Heavy water is chemically the same as regular (light) water, but with the two hydrogen atoms (as in H2O) replaced with deuterium atoms (hence the symbol D2O). Deuterium is an isotope of hydrogen; it has one extra neutron. Thus the deutrium atom consists of one proton and one neutron in the atomic nucleus and one orbiting electron. It is the extra neutron that makes heavy water "heavy", about 10% heavier in fact.
http://www.sno.phy.queensu.ca/sno/D2O.html


The following webpage lists the advantages and disadvantages of using various collants in Nuclear reactors. One of the main advantages of using heavy water is it has a short lived radioactivity, as Redeye mentioned.
http://www.nuc.berkeley.edu/thyd/ne161/rahmed/coolants.html
 
Keep in mind that there's noting really dangerous about heavy water. It's just a bit heavier, it's NOT radioactive. It is useful for reactors, hence the WWII incident, and it's very very expensive.
 
Heavy water is in fact radioactive. It's term in the Nuke industry is called Tritium D2O, it is used to slow down the acceleration of atoms at the time of fission. Other moderators are graphite, beryllium, even regular water. Heavy water has a half life of 12.5 years.

Ask anybody that works at either Pickering A or B or Darlington, Why do you Pee in the bottle after every trip into the boiler-room, calandria or vacuum building? And why if you go nowhere near the reactor, why do you pee in a bottle once a week before going home?

Your body treats heavy water like regular water, it is absorbed into your body through breathing, your hands and your skin. It takes alot to kill you, lots and lots, but constant exposure over a career of say 30 years, you might wanna track high doses of the stuff.

Cheers.
 
Yes, tritium is radioactive... but normally heavy water contains only deuterium.  If it's been in a reactor for 10 years then, yes, it's radioactive as it contains lots of tritium. Pretty much anything that spends 10 years inside a reactor will be radioactive ;)
 
alot to kill you, lots and lots, but constant exposure over a career of say 30 years, you might wanna track high doses of the stuff.

Thats good advise, thats are difference between Acute Exposure (an Large unplanned) and Chronic Exposure ( careers worth) of exposure to radiation. Tritium is measured by MPCa (maximum permsissable concentrations in air) The dose commitment for tritium is measured through a bioassay (peeing in a cup) and is assigned as absorbed Whole Body Dose to exposed workers. Proper selection of radiological personal protective equipment will assist in keeping the absorbed whole body dose to a minimum.
 
I'm just trying to make clear that heavy water is nothing to be afraid of.
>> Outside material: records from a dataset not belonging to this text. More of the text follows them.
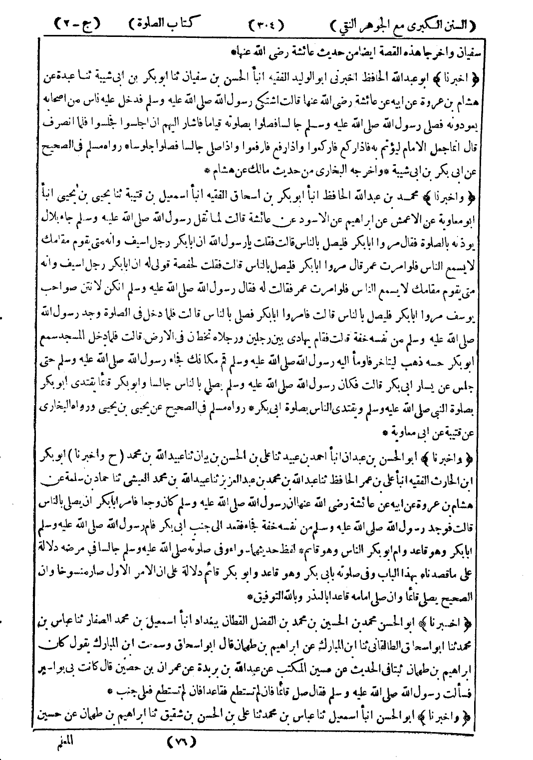(وأخبرنا) محمد بن عبد الله الحافظ انبأ أبو بكر بن اسحاق الفقيه انبأ اسمعيل بن قيتبة ثنا يحيى بن يحيى انبأ أبو معاوية عن الاعمش عن ابراهيم عن الاسود عن عائشة قالت لما ثقل رسول الله صلى الله عليه وسلم جاء بلال يوذنه بالصلوة فقال مروا ابا بكر فليصل بالناس قالت فقلت يا رسول الله ان ابا بكر رجل اسيف وانه متى يقوم مقامك لا يسمع الناس فلوا امرت عمر قال مروا ابا بكر فليصل بالناس قالت فقلت لحفصة قولى له ان ابا بكر رجل اسيف وانه متى يقوم مقامك لا يسمع الناس فلو امرت عمر فقالت له فقال رسول الله صلى الله عليه وسلم انكن لا نتن صواحب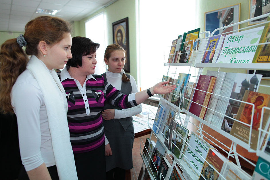 Сотрудники отдела духовной литературы городской библиотекой № 3 подготовили большую тематическую книжную выставку, вызвавшую особенный интерес школьников.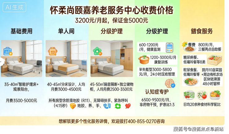 怀柔尚颐嘉养老服务中心收费价格:3200元/月起,保证金5000元,怀柔尚颐嘉实行"房型+照护等级"双维度定价体系!单人间35-40㎡配备智能护理床与观景阳台,月费3500-5000元;双人间40-45㎡采用分床设计保障隐私,人均月费3000-4500元;多人间45-50㎡配置隔音隔断,人均月费2500-3500元。照护费按ADL量表分级:自理型600-1200元/月含健康监测,半失能型1200-3000元/月增设康复训练,失能型3000-5800元/月提供24小时压疮管理。想了解具体房型的详细报价?拨打400-855-0270咨询,专业顾问1对1解答!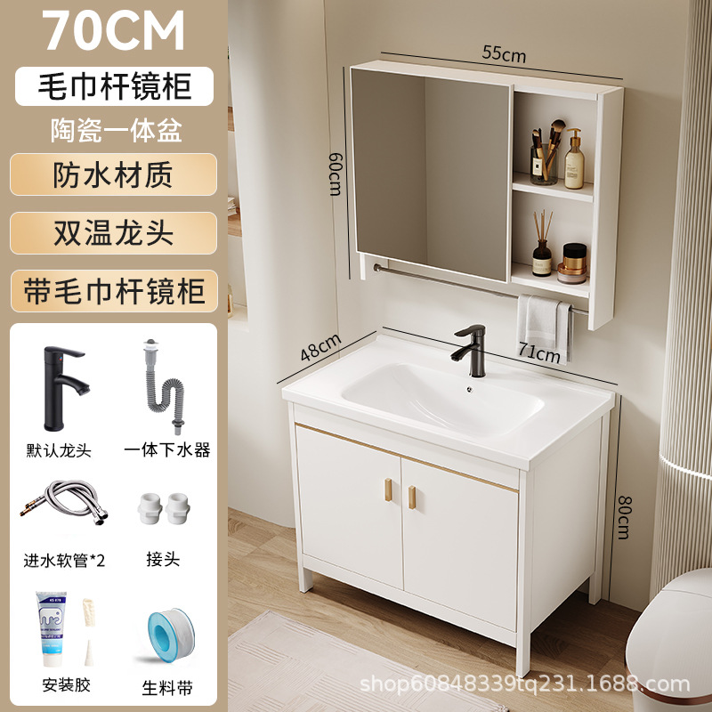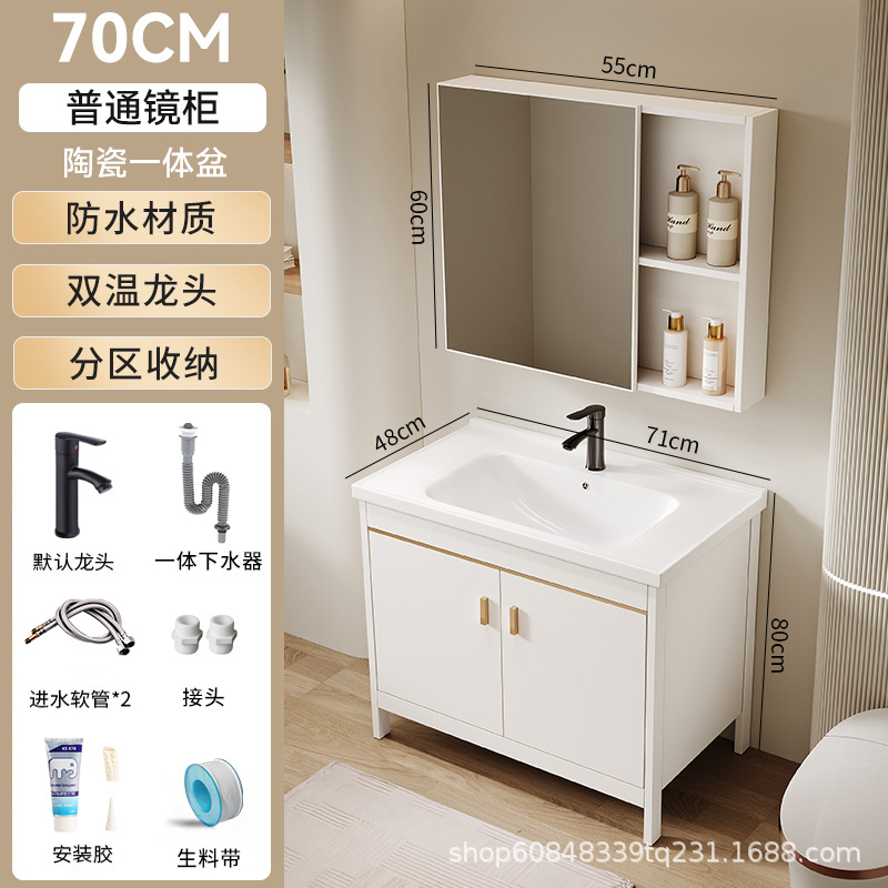 • 70CM 플로어 스탠딩 세라믹 세면대 캐비닛 [일반 거울 캐비닛]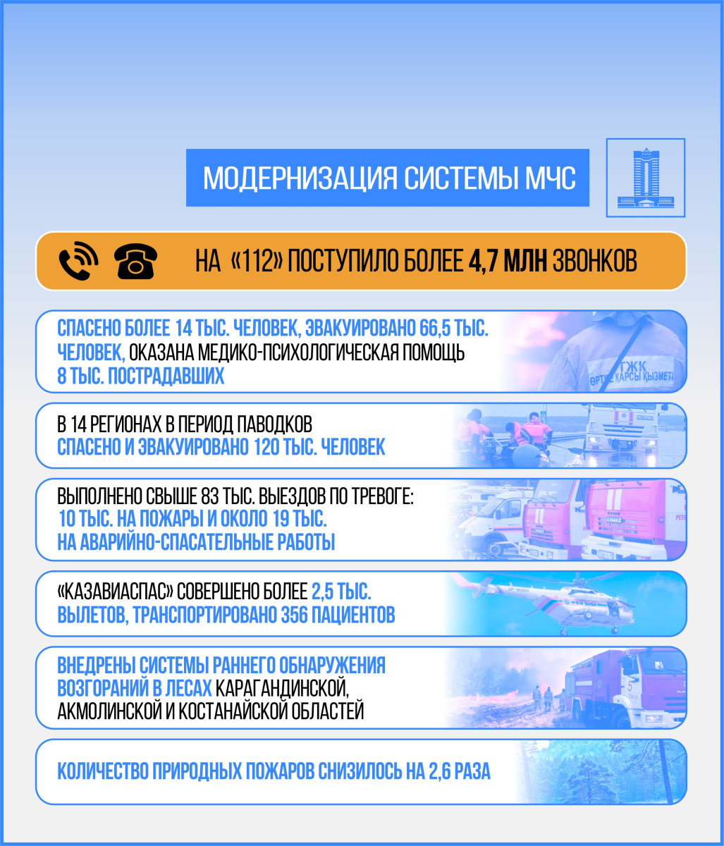 С 2024 года Казахстан продолжает улучшать систему реагирования на чрезвычайные ситуации. В этом году на пульт Единой дежурной диспетчерской службы "112" поступило более 4,7 млн звонков от населения. Силами МЧС было спасено более 14 тыс. человек, эвакуировано 66,5 тыс. человек, оказана медико-психологическая помощь 8 тыс. пострадавших. Также было совершено свыше 83,3 тыс. выездов по тревоге, в том числе 10 тыс. на пожары и около 19 тыс. на аварийно-спасательные работы.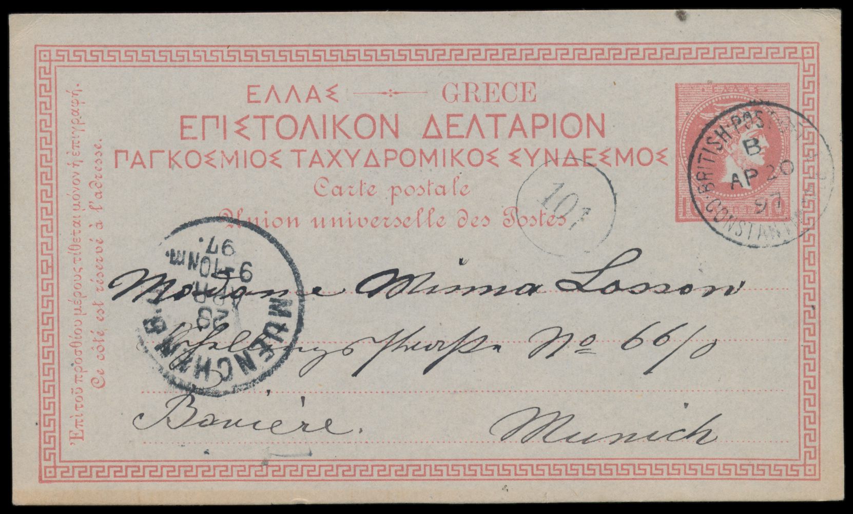 Stempel British Post Office Constantinople 20.4.97 auf Griechenland-Ganzsache 10 L. nach Deutschland, unbeanstandet, Ankunftstempel München 28.4.97, langer Bedarfstext

It's safe, if it's been in a reactor for 10 years, it's not heavy water, it's nuclear waste.
 
Stirling N6123 said:
Heavy water is in fact radioactive. It's term in the Nuke industry is called Tritium D2O, it is used to slow down the acceleration of atoms at the time of fission. Other moderators are graphite, beryllium, even regular water. Heavy water has a half life of 12.5 years.

Ask anybody that works at either Pickering A or B or Darlington, Why do you Pee in the bottle after every trip into the boiler-room, calandria or vacuum building? And why if you go nowhere near the reactor, why do you pee in a bottle once a week before going home?

Your body treats heavy water like regular water, it is absorbed into your body through breathing, your hands and your skin. It takes alot to kill you, lots and lots, but constant exposure over a career of say 30 years, you might wanna track high doses of the stuff.

Cheers.

Heavy water that has not been introduced into a reactor is not radioactive, it becomes contaminated with tritium once inside the reactor, and then it's radioactive.